> _TASK DETAILS_
Type the listing below out again exactly. No images.

> _DATA EXCERPT_
+---+

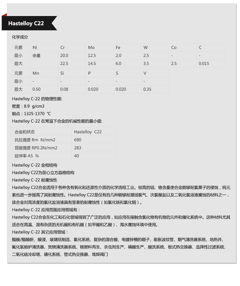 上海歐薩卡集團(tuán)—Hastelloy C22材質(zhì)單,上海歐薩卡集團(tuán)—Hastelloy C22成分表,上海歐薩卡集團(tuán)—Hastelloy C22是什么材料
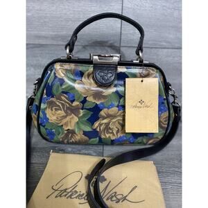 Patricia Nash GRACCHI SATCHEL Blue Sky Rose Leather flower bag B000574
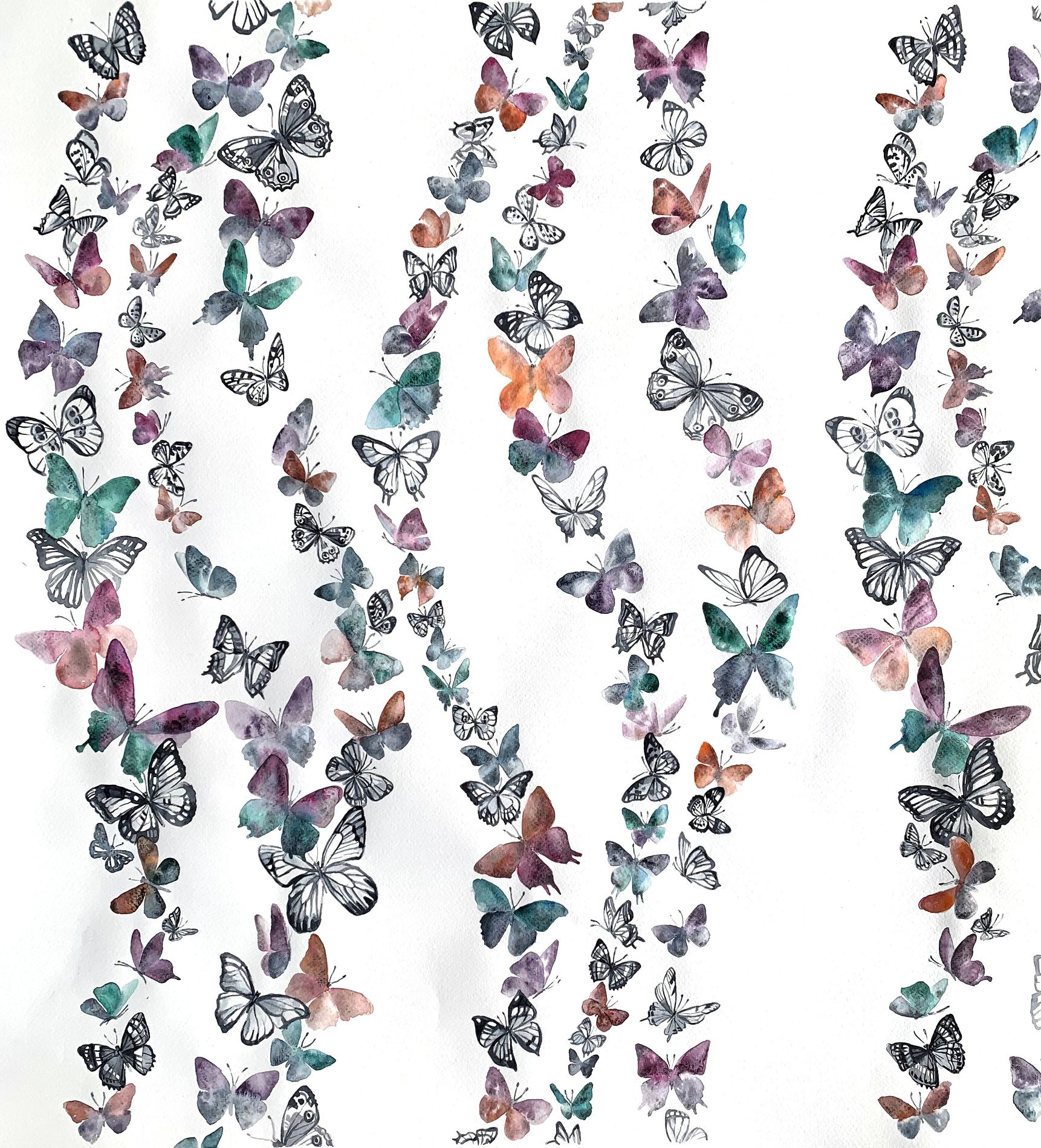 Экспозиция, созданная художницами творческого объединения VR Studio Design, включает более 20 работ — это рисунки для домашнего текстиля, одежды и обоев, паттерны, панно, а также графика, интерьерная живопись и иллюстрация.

+---+

> _RESULT OF THIS EXERCISE_
 上海歐薩卡集團(tuán)—Hastelloy C22材質(zhì)單,上海歐薩卡集團(tuán)—Hastelloy C22成分表,上海歐薩卡集團(tuán)—Hastelloy C22是什么材料
 Patricia Nash GRACCHI SATCHEL Blue Sky Rose Leather flower bag B000574
 Экспозиция, созданная художницами творческого объединения VR Studio Design, включает более 20 работ — это рисунки для домашнего текстиля, одежды и обоев, паттерны, панно, а также графика, интерьерная живопись и иллюстрация.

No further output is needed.